Ce sont les équipes de ravitaillement qui nous fournissent de quoi manger. Elles appartiennent à des associations, et ces équipes viennent tous les jours pour nous soutenir dans notre lutte. Plusieurs fois par jour même. Il y a plein d’associations qui sont derrière nous. Il y a ceux qui apportent du lait, il y a ceux qui apportent du pain, il y a ceux qui apportent de l’eau, il y en a d’autres qui apportent du café. Donc tu vois, il y a plein de gens différents qui s’occupent que tout se passe bien ici et qui nous apportent de l’aide.

Et la bouffe est bonne ?

Oui. Ahaha. Non ce n’est pas très bon, mais ça nous permet d’être en forme pour la suite des événements. Mais c’est moins bon qu’à la maison quand même. D’ailleurs, moi je rentre tous les jours chez moi pour me faire à manger parce que c’est pas très bon ici.

Ah, donc en dehors d’ici, vous avez une vraie maison ?

Oui, on n’est pas ici tout le temps. Tous les gens qui sont ici habitent dans des appartements à Paris ou dans ses alentours. Moi j’habite Bagnolet et ça c’est un ami à moi et il habite dans le 18ème.

Vous venez d’où ?

Je suis sénégalais. La majorité des gens ici sont des sénégalais et des maliens. Là-bas, je connais aussi des mauritaniens et des ivoiriens. Il n’y a pratiquement que des gens d’Afrique de l’Ouest, même des togolais. Il y a aussi des gens d’Afrique centrale mais en grande partie tous les immigrés que tu vois ici viennent de pays musulmans d’Afrique de l’Ouest.

Ca fait longtemps que vous habitez en France ?

Oui, j’ai 48 ans et ça fait 12 ans que je suis ici, mais il y en a qui habitent en France depuis beaucoup plus longtemps. Il y en a qui vivent ici depuis près de 20 ans et qui n’ont toujours pas de papiers. Il y en a d’autres qui sont plus jeunes et qui vivent ici depuis moins de temps que nous. Tous les gens qui sont ici, je dirais qu’ils habitent en France depuis 10 ans en moyenne.

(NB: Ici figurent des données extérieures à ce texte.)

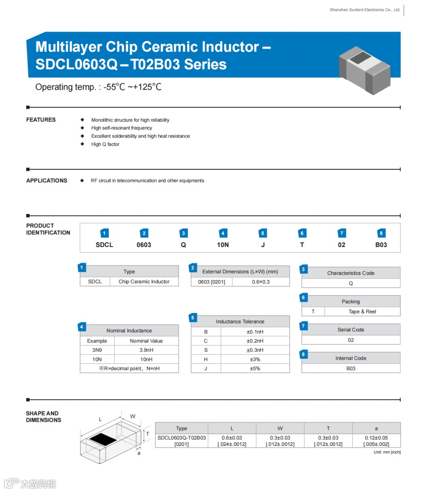 Sunlord顺络电子SDCL0603Q-T02B03系列详细资料图。

Et en même temps, vous arrivez à travailler ?

Oui oui, tout à fait. Je travaille dans une station service à Paris depuis plus de 8 ans maintenant, et je n’ai jamais eu la moindre attestation qui prouverait que je travaille légalement. Alors je continue même pendant les revendications, ça ne me fait pas peur du tout. Je travaille tous les jours, matin et soir, dans la même entreprise.

Ca fait combien de temps que vous êtes réfugiés ici ?

Deux semaines, maintenant. Ca fait deux semaines que l’état essaie de nous faire en aller d’ici, mais on tient le coup ! Il n’est pas question que l’on s’en aille d’ici sans que l’état ne nous écoute. On compte rester ici jusqu’à ce que l’on ait satisfaction. Je veux dire, même si ce soir il y a une loi qui est proposée en notre faveur, on restera quand même ici jusqu’à ce qu’elle soit passée.

C’est grâce au photographe Fabien Breuvart que vous avez la chance inouïe de nous voir en photo sur les murs rue Charlot ou devant la Bourse du Travail. Depuis deux semaines, il photographie des gens avec-papiers à côté des sans-papiers et il les affiche dans la rue un peu partout. Les deux blancs-becs là, c’est nous. Il a maintenant plus de 250 clichés, il agrandit tous les jours sa collection entre 13h et 14h devant la bourse du travail.